### THE RECORDS
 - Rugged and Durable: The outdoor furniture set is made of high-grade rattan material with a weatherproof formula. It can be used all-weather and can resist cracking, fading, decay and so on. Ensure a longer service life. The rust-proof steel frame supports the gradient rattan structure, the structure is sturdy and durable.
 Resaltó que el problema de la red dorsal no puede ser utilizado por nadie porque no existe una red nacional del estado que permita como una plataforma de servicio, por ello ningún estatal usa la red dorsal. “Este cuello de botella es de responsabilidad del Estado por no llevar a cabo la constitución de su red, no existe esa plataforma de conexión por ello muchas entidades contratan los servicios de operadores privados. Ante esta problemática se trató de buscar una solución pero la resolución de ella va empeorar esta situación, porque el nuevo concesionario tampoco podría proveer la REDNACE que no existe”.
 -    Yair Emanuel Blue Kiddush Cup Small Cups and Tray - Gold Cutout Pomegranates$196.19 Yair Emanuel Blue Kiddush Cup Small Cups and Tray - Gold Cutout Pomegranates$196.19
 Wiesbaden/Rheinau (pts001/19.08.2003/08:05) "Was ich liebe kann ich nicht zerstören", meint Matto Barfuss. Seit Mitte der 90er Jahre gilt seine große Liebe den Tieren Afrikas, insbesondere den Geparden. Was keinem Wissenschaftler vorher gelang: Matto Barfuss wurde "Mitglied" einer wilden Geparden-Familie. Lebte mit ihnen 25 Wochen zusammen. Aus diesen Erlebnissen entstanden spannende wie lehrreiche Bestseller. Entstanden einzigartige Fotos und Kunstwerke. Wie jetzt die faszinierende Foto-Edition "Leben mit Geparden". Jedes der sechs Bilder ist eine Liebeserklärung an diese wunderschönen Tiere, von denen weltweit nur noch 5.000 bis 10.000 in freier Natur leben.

---

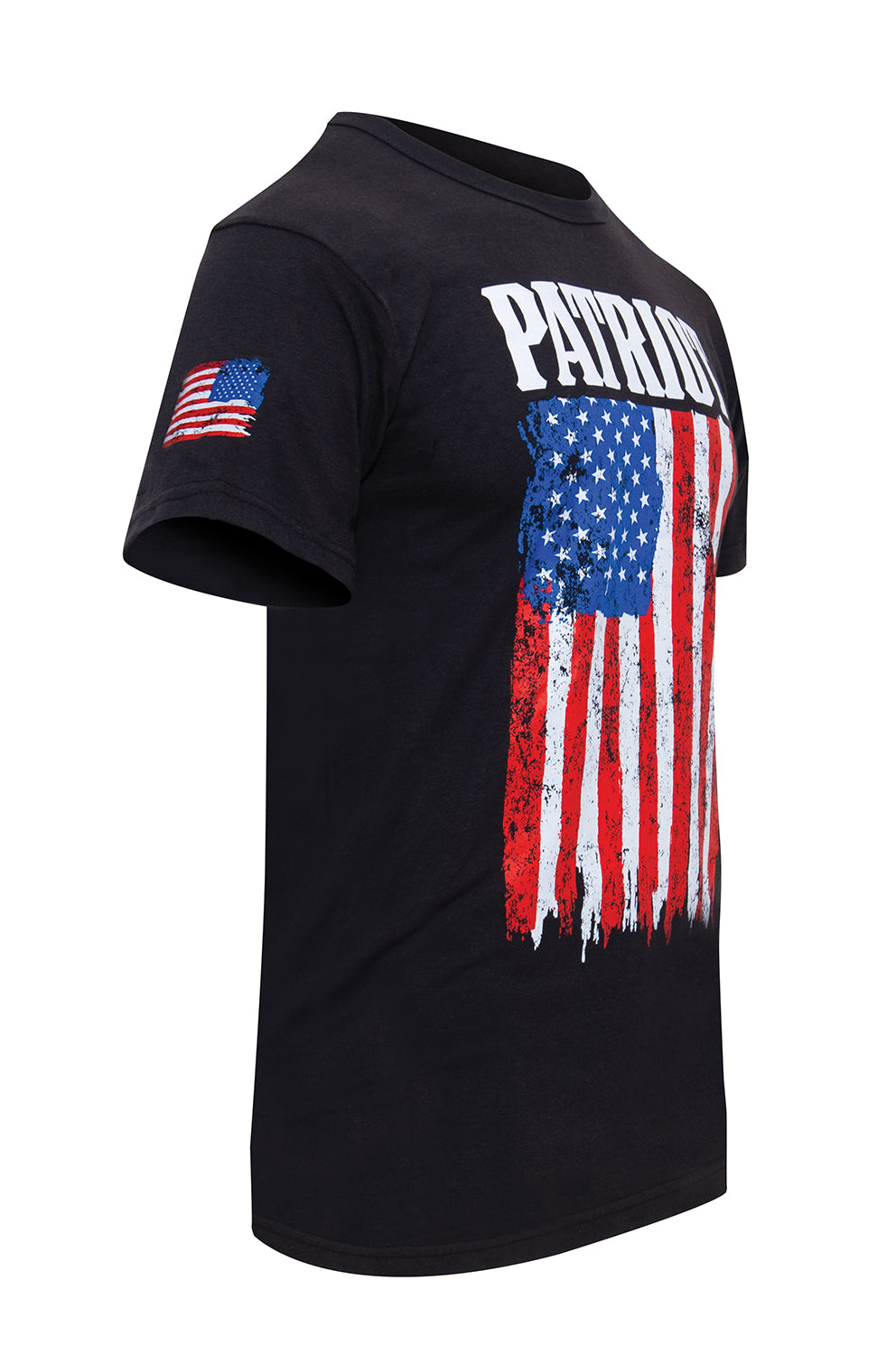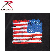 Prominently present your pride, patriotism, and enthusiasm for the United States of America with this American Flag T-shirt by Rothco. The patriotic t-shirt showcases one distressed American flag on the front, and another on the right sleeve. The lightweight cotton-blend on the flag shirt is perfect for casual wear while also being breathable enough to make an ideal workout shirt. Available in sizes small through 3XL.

### INSTRUCTIONS TO FOLLOW
Would you please write out, exactly and with no other lines, the stretch of the listing above from the line containing "- Rugged and" through the line containing "freier Natur leben."?

### PROBLEM SOLUTION
 - Rugged and Durable: The outdoor furniture set is made of high-grade rattan material with a weatherproof formula. It can be used all-weather and can resist cracking, fading, decay and so on. Ensure a longer service life. The rust-proof steel frame supports the gradient rattan structure, the structure is sturdy and durable.
 Resaltó que el problema de la red dorsal no puede ser utilizado por nadie porque no existe una red nacional del estado que permita como una plataforma de servicio, por ello ningún estatal usa la red dorsal. “Este cuello de botella es de responsabilidad del Estado por no llevar a cabo la constitución de su red, no existe esa plataforma de conexión por ello muchas entidades contratan los servicios de operadores privados. Ante esta problemática se trató de buscar una solución pero la resolución de ella va empeorar esta situación, porque el nuevo concesionario tampoco podría proveer la REDNACE que no existe”.
 -    Yair Emanuel Blue Kiddush Cup Small Cups and Tray - Gold Cutout Pomegranates$196.19 Yair Emanuel Blue Kiddush Cup Small Cups and Tray - Gold Cutout Pomegranates$196.19
 Wiesbaden/Rheinau (pts001/19.08.2003/08:05) "Was ich liebe kann ich nicht zerstören", meint Matto Barfuss. Seit Mitte der 90er Jahre gilt seine große Liebe den Tieren Afrikas, insbesondere den Geparden. Was keinem Wissenschaftler vorher gelang: Matto Barfuss wurde "Mitglied" einer wilden Geparden-Familie. Lebte mit ihnen 25 Wochen zusammen. Aus diesen Erlebnissen entstanden spannende wie lehrreiche Bestseller. Entstanden einzigartige Fotos und Kunstwerke. Wie jetzt die faszinierende Foto-Edition "Leben mit Geparden". Jedes der sechs Bilder ist eine Liebeserklärung an diese wunderschönen Tiere, von denen weltweit nur noch 5.000 bis 10.000 in freier Natur leben.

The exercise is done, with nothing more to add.